Defunct Lynx Air promoting off life-jackets, oxygen masks in bid to recoup losses

Lynx Air hopes to dump every thing from life-jackets to oxygen masks because it tries to recoup a portion of the losses it incurred earlier than submitting for creditor safety earlier this 12 months.

In court docket filings final week, the defunct low cost provider mentioned it has labored out offers with a pair of aviation corporations overseas to promote aircraft components and gear starting from seats to tires and transponders.

The airline did not personal its fleet of 9 plane. The half-dozen leasing corporations behind them cancelled their offers and took again the planes, in keeping with an affidavit from interim chief monetary officer Michael Woodward.

The filings ask Alberta’s Courtroom of King’s Bench to approve agreements that will see New Hampshire’s Aero 3 restore firm purchase greater than 50 wheels and brakes and the Cayman Islands-based BOC Aviation leasing firm snap up 79 different objects, from meals carts to a single rubbish can.

Lynx, which owed $186 million when it sought creditor safety in late February, says a 3rd firm “unexpectedly terminated negotiations” concerning 4 turbofan jet engines.

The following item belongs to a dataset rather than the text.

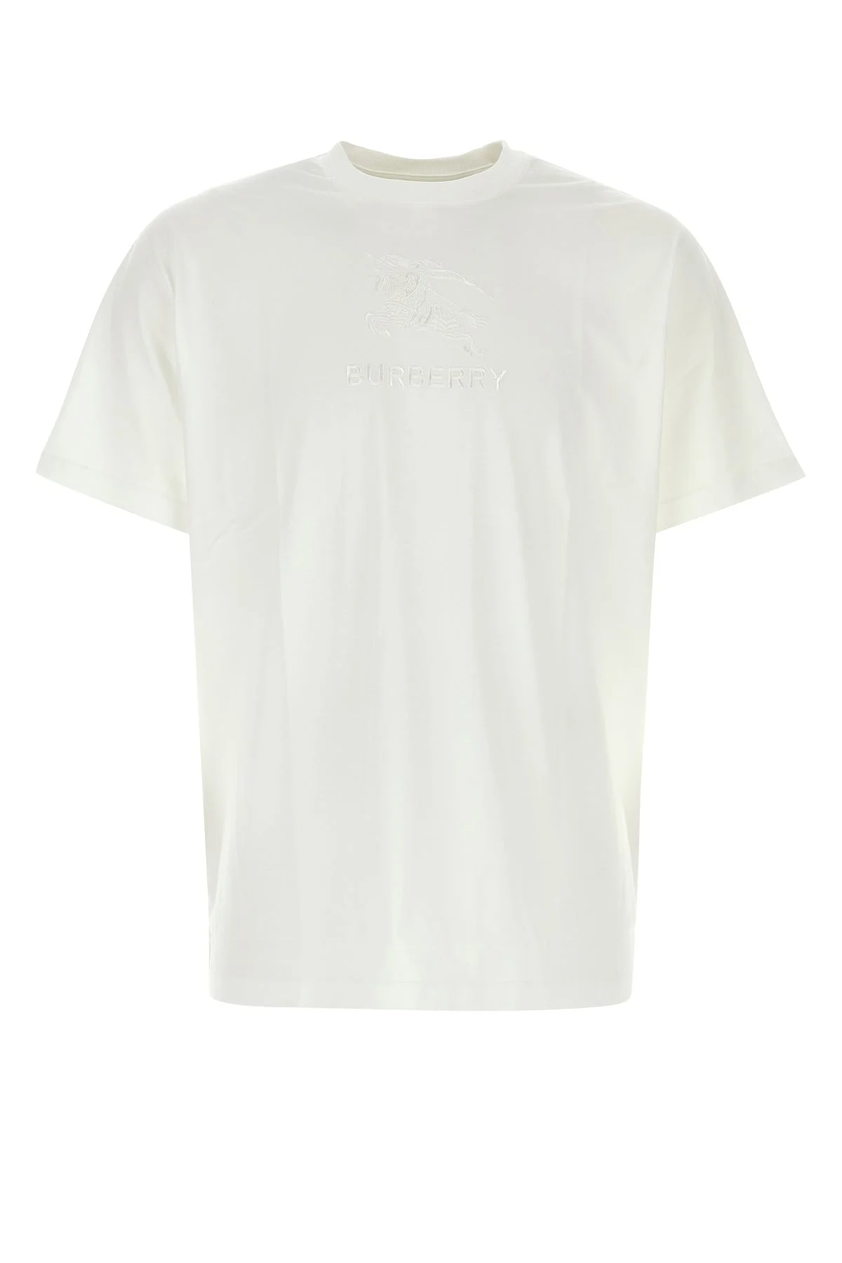 T-shirt realized in pure cotton characterized by Equestrian Knight embroidery on the entire surface. - Ribbed crew-neck - Loose fit DETAILS White cotton t-shirt Exterior: 100% Cotton Made in Sample size: M

The shutdown of the Calgary-based provider three months in the past got here as finances airways face ongoing monetary pressures — in the event that they’ve survived in any respect — amid business consolidation and fallout from the journey sector implosion through the COVID-19 pandemic.

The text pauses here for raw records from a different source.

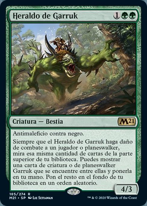 Whenever Herald of Garruk deals combat damage to a player or planeswalker, look at the same amount of cards from the top of your library, you may reveal a creature or a Garruk planeswalker card from among them and put it into your hand. Put the rest on the bottom of your library in a random order.
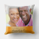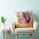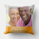 Un coussin en cadeau, célébrant un 50e anniversaire de mariage d'or. Un élégant arrière - plan moderne faux dégradé d'or. Personnalisez et ajoutez votre propre photo de haute qualité du couple heureux. Texte : Les noms sont écrits avec un script de style moderne et gris foncé. Tempates pour les noms et une date.
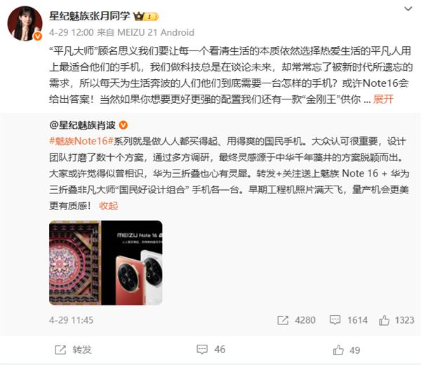 根据肖波的说法,魅族 16 该系列的灵感来源于中华千年藻井,华为的三折叠也很珍惜对方。他还说:“早期工程机的照片满天飞,量产的机会更漂亮,更有质感。”。
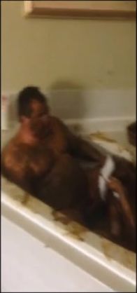 Fat couple masturbating while they smear saved shit on their naked bodies.
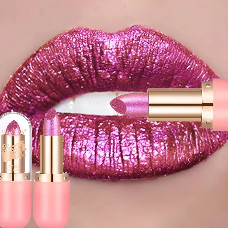 7-kleuren Aurora Chameleon Metallic Lipstick Hoogglans Langdurige Diamant Blauw Paars Lipgloss voor Kerstmis & Toneelmake-up

In October, WestJet closed its low cost Swoop subsidiary. It additionally plans to wind down Sunwing Airways and combine the low-cost provider into its mainline enterprise by April 2025 after shopping for the Toronto-based firm final Could.

Extremely-low-cost Aptitude Airways has additionally confronted monetary turbulence over the previous 18 months. As of November, it owed the federal authorities $67.2 million in unpaid taxes associated to import duties on the 20 Boeing jets that make up its fleet.

As of Feb. 22, Lynx owed $124.3 million to Indigo Companions, the U.S. non-public fairness agency run by Invoice Franke that owns one-quarter of the provider.

Lynx additionally owed $47.8 million to numerous commerce collectors and $25.6 million in unpaid taxes to the federal authorities, in keeping with court docket paperwork. It owed an additional $4.1 million to the Toronto and Montreal airports and $4.5 million to Delta Air Strains for plane upkeep and warehousing.